- Try it:
The records below need to be repeated exactly, though not their pictures.

- Materials provided:
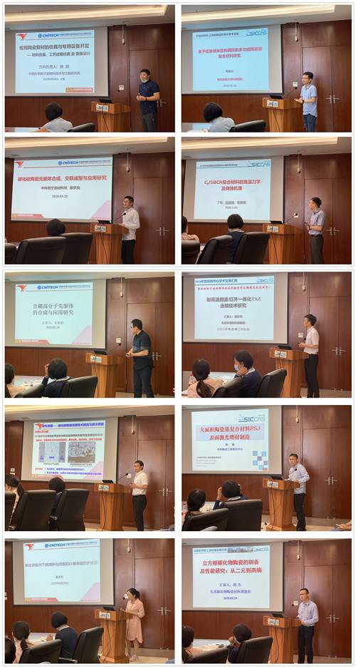 在学术交流报告阶段,结构陶瓷与复合材料工程研究中心的杨金山研究员、倪德伟研究员、梁汉琴副研究员、陈健副研究员和殷杰副研究员分别做了题为“基于低维纳米结构调控的多功能陶瓷基复合材料研究”、“Cf/SiBCN复合材料的高温力学及烧蚀机理”、“耐高温微波/红外一体化连接技术研究”、“大面积陶瓷基复合材料表面激光增材制造”和“立方相碳化物陶瓷的制备及性能研究:从二元到高熵”等5个学术报告。先进能源材料工程实验室的徐剑研究员、裴学良副研究员、宋育杰副研究员、周小兵副研究员和葛芳芳副研究员则做了题为“陶瓷复材的仿真与专用设备开发——材料仿真、工艺过程仿真及装备设计”、“碳化硅陶瓷先驱体的合成、交联成型与应用研究”、“含硼高分子先驱体的合成与应用研究”、“碳化硅陶瓷无缝连接技术研究”和“事故容错包壳管表面防护涂层”等5个学术报告。报告充分体现了先进陶瓷领域的学术前沿,并展现了青年科技党员勇于担当的学术风范,引起了大家热烈的讨论。两个党支部根据研究方向交互进行报告,互为启发,触发了大量深入合作的契机。
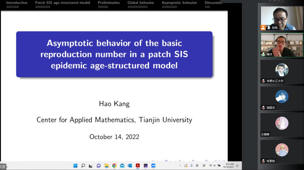 10月14日上午,应科研部和数大学院的邀请,天津大学康浩博士应邀作了题为“Asymptotic behavior of the basic reproduction number in a patch SIS epidemic age-structured model(一类斑块SIS传染病年龄结构模型基本再生数的渐近行为)”的线上学术报告。副院长段炼主持报告会,50余名相关研究方向的教师和硕士研究生认真听取了报告。
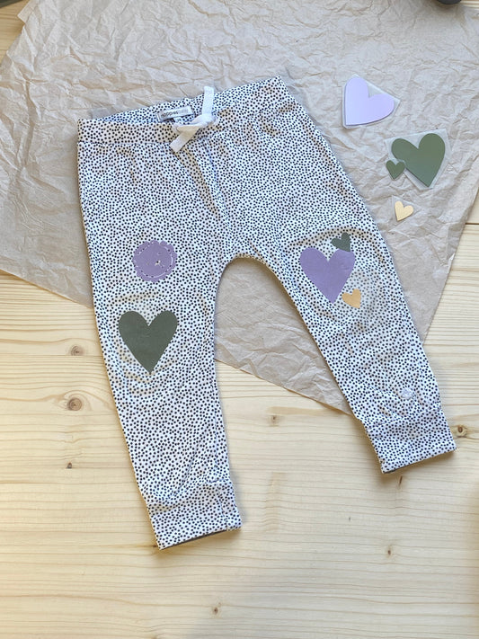 Kleine Bügelmotive "Herz"(Lavendel/Khaki) im 4er-Set
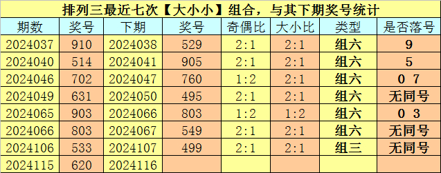 大小分析:排列三上期开出号码620,大小类型为【大小小】,最近七次开出大小类型大小小的奖号分别为:910、514、702、631、903、803、533,其下期分别开出号码:529、905、760、495、803、549、499。其中号码大小比为13:8,小号走势较冷,近期防止小号逐渐回补,本期重点关注小号,参考大小比1:2。
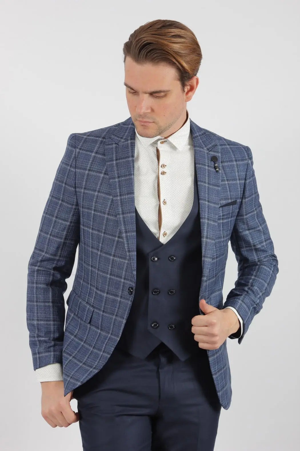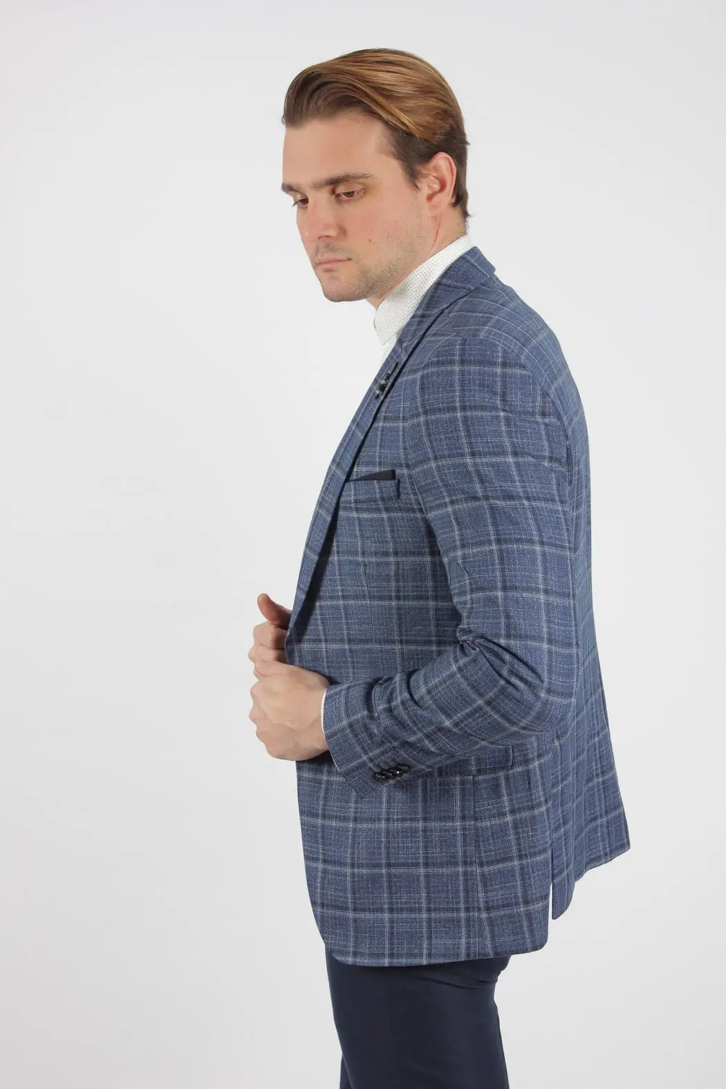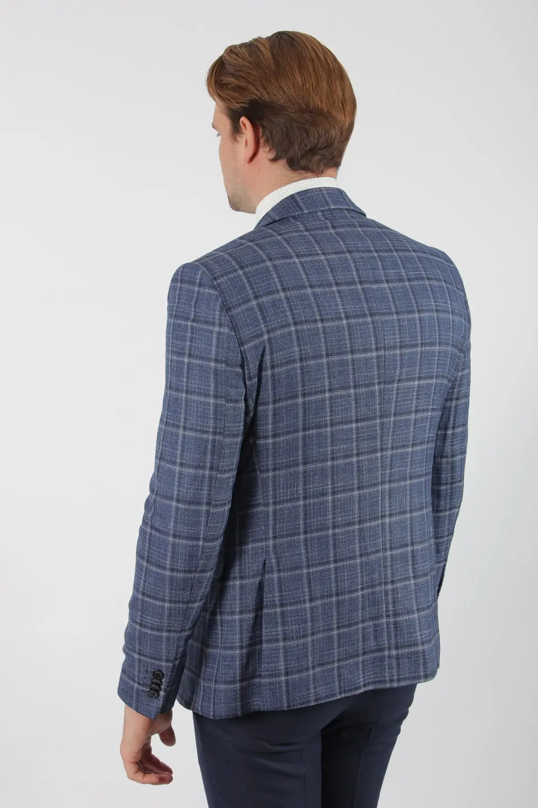 Ανδρικό Slim Fit Σακάκι σε Μπλε Καρό Kapralos Noble
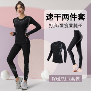 「速乾衣女登山スキー冬保温インナー上着スポーツスーツガードルヨガ服長袖底打ち
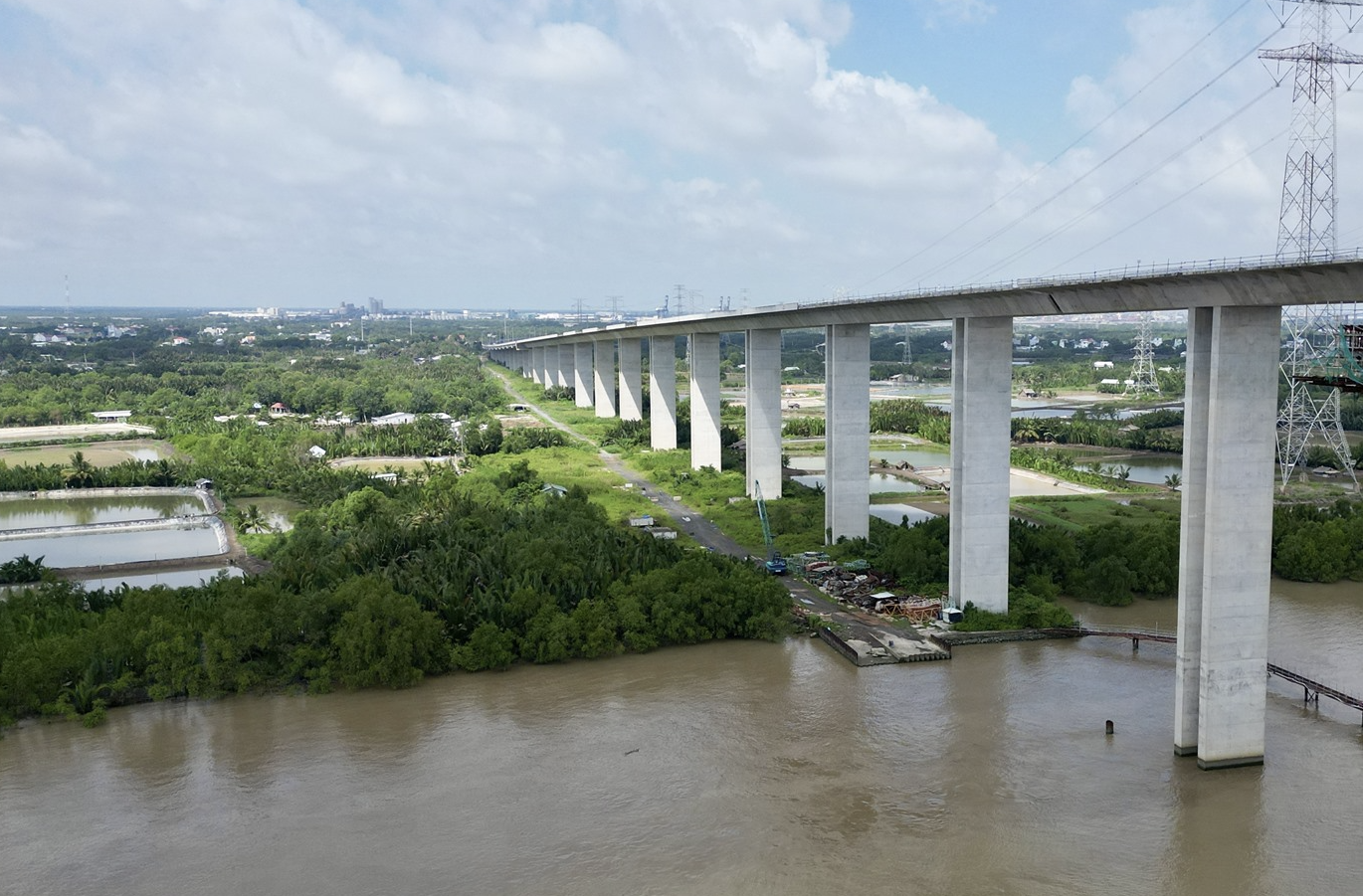 Trong khi đó, gói thầu J3 - cầu Phước Khánh bắc qua sông Lòng Tàu nối TP.HCM và Đồng Nai đã hoàn thành cầu dẫn, trụ tháp với khoảng 80% khối lượng công việc. Cũng dừng thi công hơn 3 năm, đến nay gói thầu này đang mời thầu lại. Ảnh: H.Chánh.
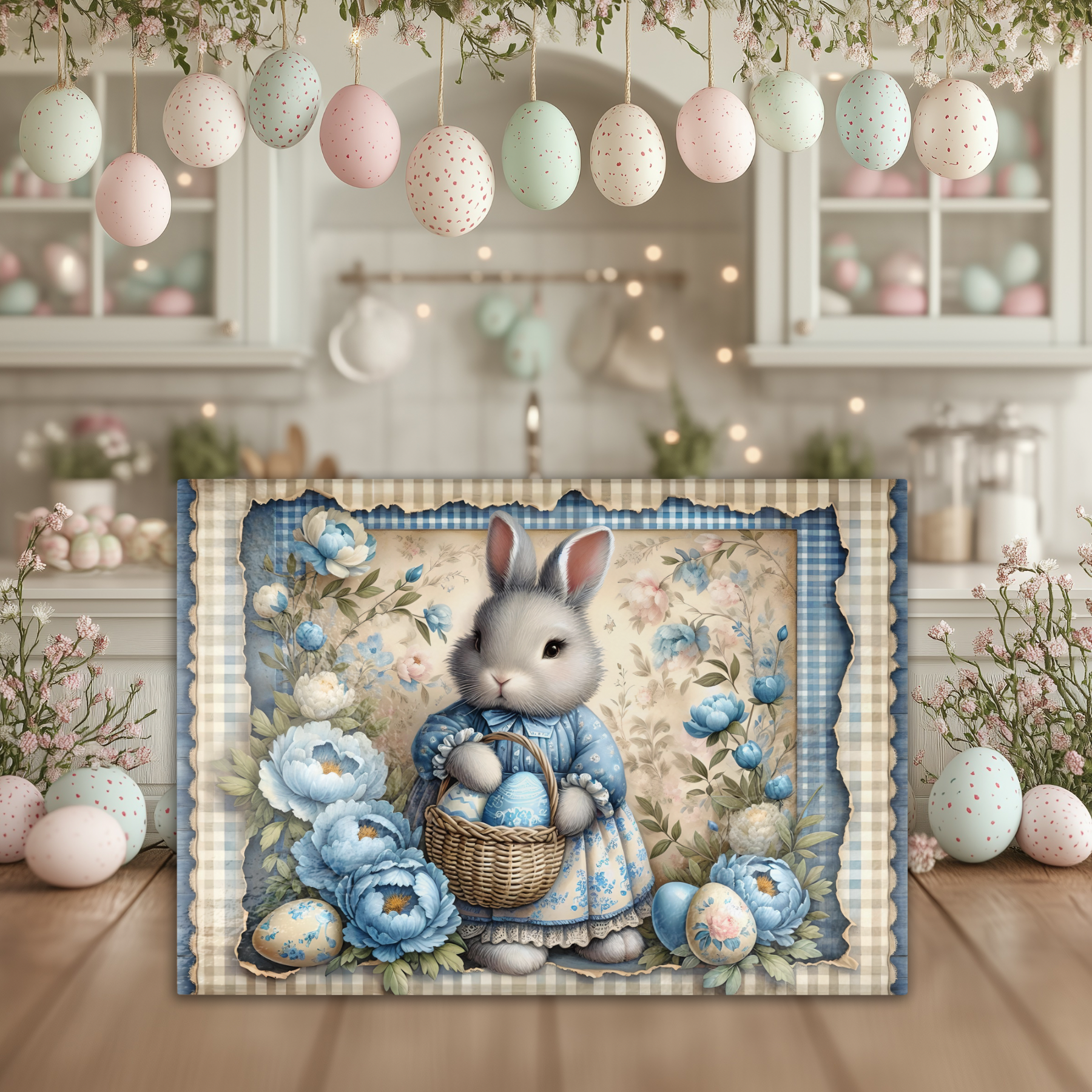 Enchanting Blue Floral Bunny Tempered Glass Cutting Board, Easter Decor, Serving Tray, Gift Idea, 2 Sizes
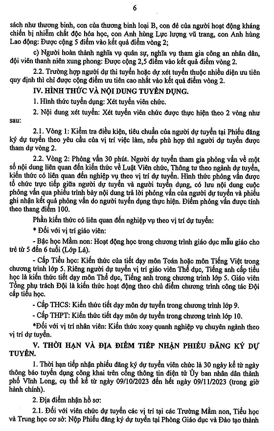 UBND TP. Vĩnh Long tuyển dụng viên chức sự nghiệp giáo dục năm học 2023-2024
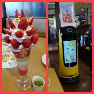 墓参りの後、お昼御飯をココスで食べたのに、写真撮らないで食べちゃって、デザートの≪超いちご🍓15とピスタチオのクイーンパフェ≫を食べました😋😋😋ロボット🤖が運んでくれました😵😍⤴️⤴️ 美味しかったです🤤😋🤤😋
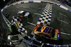 The sun went down, the new lights came on, and it all broke loose at Martinsville Speedway. In a wild overtime finish that took Sunday's First Data 500 to 505 laps at the .526-mile short track, Kyle Busch beat Monster Energy NASCAR Cup Series leader Martin Truex Jr. to the stripe by .141 seconds to take the checkered flag and earn a spot in the Nov. 19 Championship 4 race at Homestead-Miami Speedway. As Busch crossed the finish line, a multi-car wreck behind him scrambled the running order and left a parking lot of mangled cars on the frontstretch. Truex retains the series lead by 17 points over Busch. Elliott, on the other hand went from likely winner to major casualty in the space of one corner, finishing 27th and falling 26 points below the cut line for the Championship 4, with the cut coming in two weeks at Phoenix. Keselowski is third in the standings, followed by Harvick, who holds a three-point edge over Jimmie Johnson, who ran 12th on Sunday. Blaney is six points behind Harvick and Hamlin is eight back.
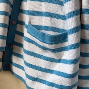 Boden Cream and Light Blue Striped Cardigan Blazer
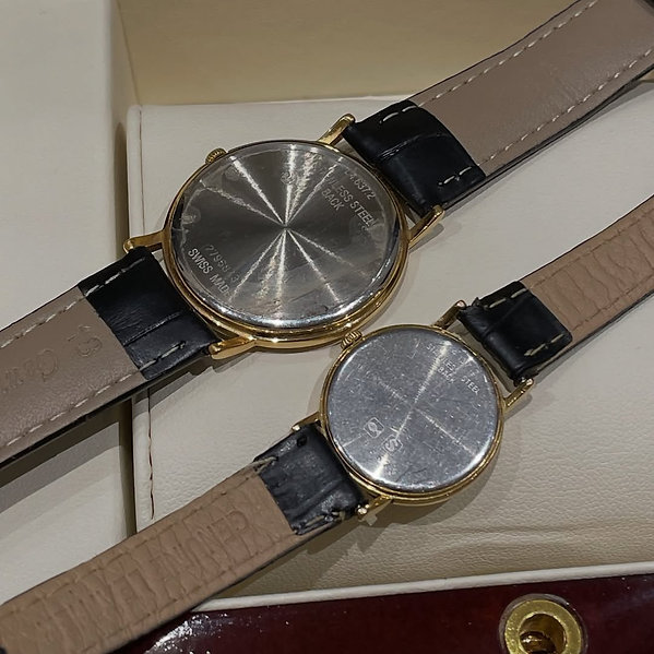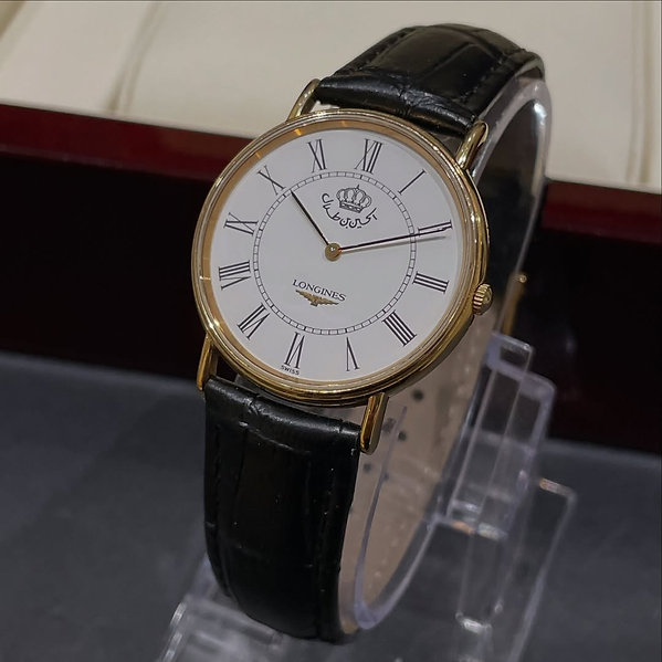 Preowned Vintage unique dual royal masterpiece set from the prestigious Swiss house “Longines,” specially issued in 1994 as a royal edition—featuring the crown and the name of His Majesty King Hussein bin Talal,A refined blend of elegance and classical simplicity.
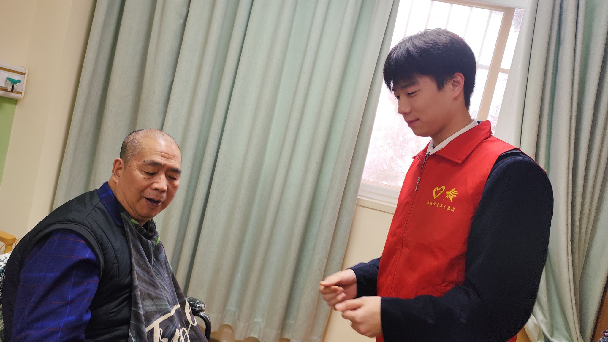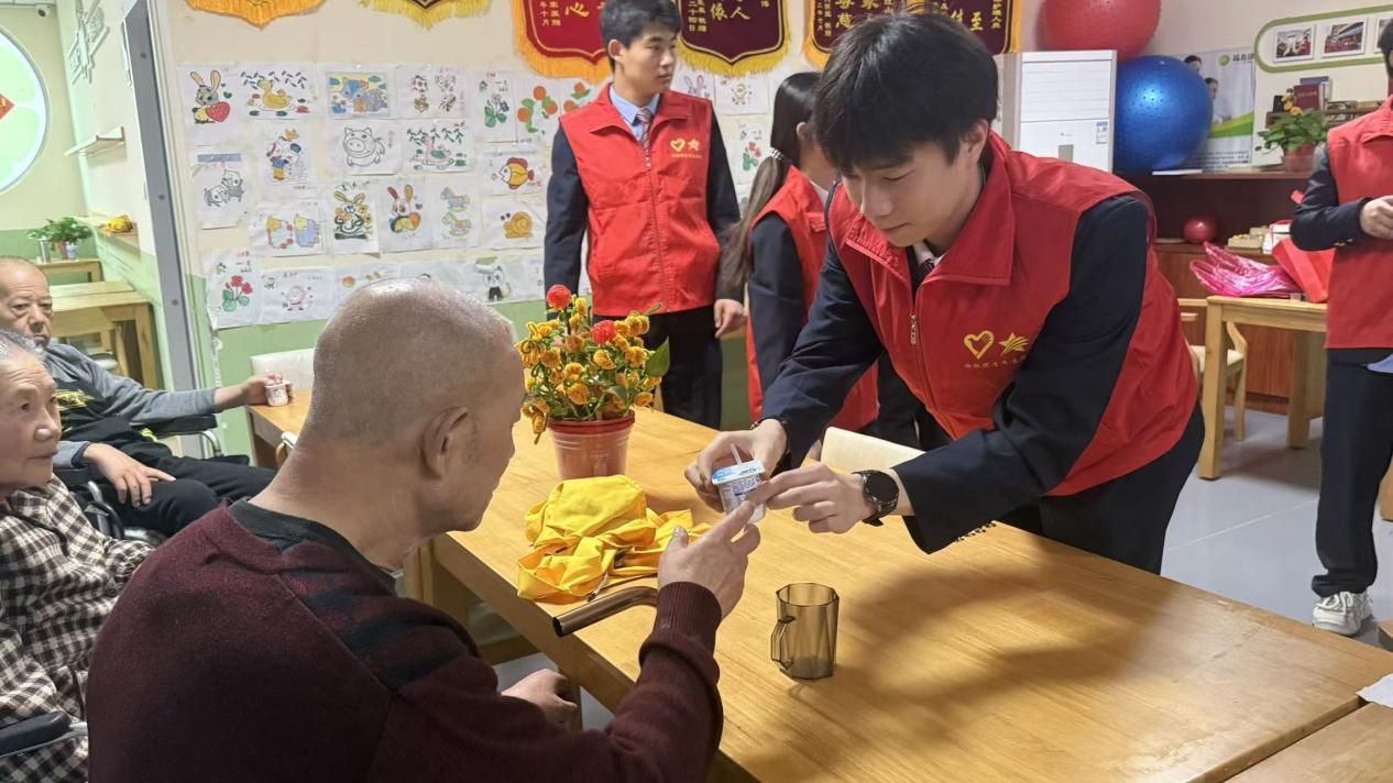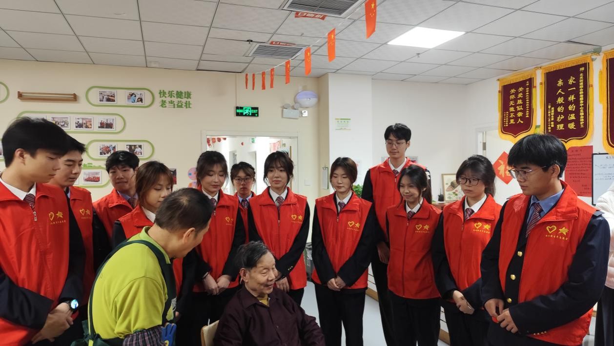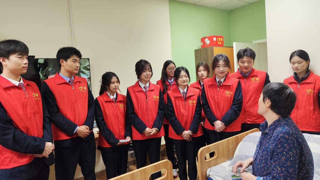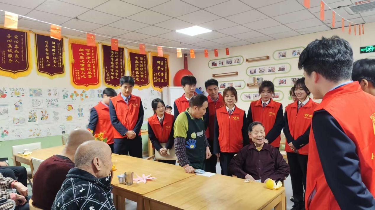 随后,精彩的节目表演正式拉开帷幕。李思卓同学带来歌曲《父亲》,深情的旋律与真挚的演唱,打动了现场每一位老人;舞蹈节目《桃花朵朵开》活力满满,志愿者们用灵动的舞姿传递着青春与快乐;孙靖淳同学演唱的《日不落》节奏明快,老人们也跟着旋律轻轻哼唱,现场氛围愈发热烈。
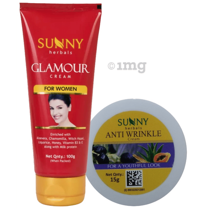 Sunny Herbals Glamour Cream for Women Cream with Sunny Herbal Anti wrinkle Cream 15gm Free is a unique blend of herbal ingredients, milk proteins and vitamins. It protects & deeply moisturizes the skin.

- Task output:
 在学术交流报告阶段,结构陶瓷与复合材料工程研究中心的杨金山研究员、倪德伟研究员、梁汉琴副研究员、陈健副研究员和殷杰副研究员分别做了题为“基于低维纳米结构调控的多功能陶瓷基复合材料研究”、“Cf/SiBCN复合材料的高温力学及烧蚀机理”、“耐高温微波/红外一体化连接技术研究”、“大面积陶瓷基复合材料表面激光增材制造”和“立方相碳化物陶瓷的制备及性能研究:从二元到高熵”等5个学术报告。先进能源材料工程实验室的徐剑研究员、裴学良副研究员、宋育杰副研究员、周小兵副研究员和葛芳芳副研究员则做了题为“陶瓷复材的仿真与专用设备开发——材料仿真、工艺过程仿真及装备设计”、“碳化硅陶瓷先驱体的合成、交联成型与应用研究”、“含硼高分子先驱体的合成与应用研究”、“碳化硅陶瓷无缝连接技术研究”和“事故容错包壳管表面防护涂层”等5个学术报告。报告充分体现了先进陶瓷领域的学术前沿,并展现了青年科技党员勇于担当的学术风范,引起了大家热烈的讨论。两个党支部根据研究方向交互进行报告,互为启发,触发了大量深入合作的契机。
 10月14日上午,应科研部和数大学院的邀请,天津大学康浩博士应邀作了题为“Asymptotic behavior of the basic reproduction number in a patch SIS epidemic age-structured model(一类斑块SIS传染病年龄结构模型基本再生数的渐近行为)”的线上学术报告。副院长段炼主持报告会,50余名相关研究方向的教师和硕士研究生认真听取了报告。
 Kleine Bügelmotive "Herz"(Lavendel/Khaki) im 4er-Set
 大小分析:排列三上期开出号码620,大小类型为【大小小】,最近七次开出大小类型大小小的奖号分别为:910、514、702、631、903、803、533,其下期分别开出号码:529、905、760、495、803、549、499。其中号码大小比为13:8,小号走势较冷,近期防止小号逐渐回补,本期重点关注小号,参考大小比1:2。
 Ανδρικό Slim Fit Σακάκι σε Μπλε Καρό Kapralos Noble
 「速乾衣女登山スキー冬保温インナー上着スポーツスーツガードルヨガ服長袖底打ち
 Trong khi đó, gói thầu J3 - cầu Phước Khánh bắc qua sông Lòng Tàu nối TP.HCM và Đồng Nai đã hoàn thành cầu dẫn, trụ tháp với khoảng 80% khối lượng công việc. Cũng dừng thi công hơn 3 năm, đến nay gói thầu này đang mời thầu lại. Ảnh: H.Chánh.
 Enchanting Blue Floral Bunny Tempered Glass Cutting Board, Easter Decor, Serving Tray, Gift Idea, 2 Sizes
 UBND TP. Vĩnh Long tuyển dụng viên chức sự nghiệp giáo dục năm học 2023-2024
 墓参りの後、お昼御飯をココスで食べたのに、写真撮らないで食べちゃって、デザートの≪超いちご🍓15とピスタチオのクイーンパフェ≫を食べました😋😋😋ロボット🤖が運んでくれました😵😍⤴️⤴️ 美味しかったです🤤😋🤤😋
 The sun went down, the new lights came on, and it all broke loose at Martinsville Speedway. In a wild overtime finish that took Sunday's First Data 500 to 505 laps at the .526-mile short track, Kyle Busch beat Monster Energy NASCAR Cup Series leader Martin Truex Jr. to the stripe by .141 seconds to take the checkered flag and earn a spot in the Nov. 19 Championship 4 race at Homestead-Miami Speedway. As Busch crossed the finish line, a multi-car wreck behind him scrambled the running order and left a parking lot of mangled cars on the frontstretch. Truex retains the series lead by 17 points over Busch. Elliott, on the other hand went from likely winner to major casualty in the space of one corner, finishing 27th and falling 26 points below the cut line for the Championship 4, with the cut coming in two weeks at Phoenix. Keselowski is third in the standings, followed by Harvick, who holds a three-point edge over Jimmie Johnson, who ran 12th on Sunday. Blaney is six points behind Harvick and Hamlin is eight back.
 Boden Cream and Light Blue Striped Cardigan Blazer
 Preowned Vintage unique dual royal masterpiece set from the prestigious Swiss house “Longines,” specially issued in 1994 as a royal edition—featuring the crown and the name of His Majesty King Hussein bin Talal,A refined blend of elegance and classical simplicity.
 随后,精彩的节目表演正式拉开帷幕。李思卓同学带来歌曲《父亲》,深情的旋律与真挚的演唱,打动了现场每一位老人;舞蹈节目《桃花朵朵开》活力满满,志愿者们用灵动的舞姿传递着青春与快乐;孙靖淳同学演唱的《日不落》节奏明快,老人们也跟着旋律轻轻哼唱,现场氛围愈发热烈。
 Sunny Herbals Glamour Cream for Women Cream with Sunny Herbal Anti wrinkle Cream 15gm Free is a unique blend of herbal ingredients, milk proteins and vitamins. It protects & deeply moisturizes the skin.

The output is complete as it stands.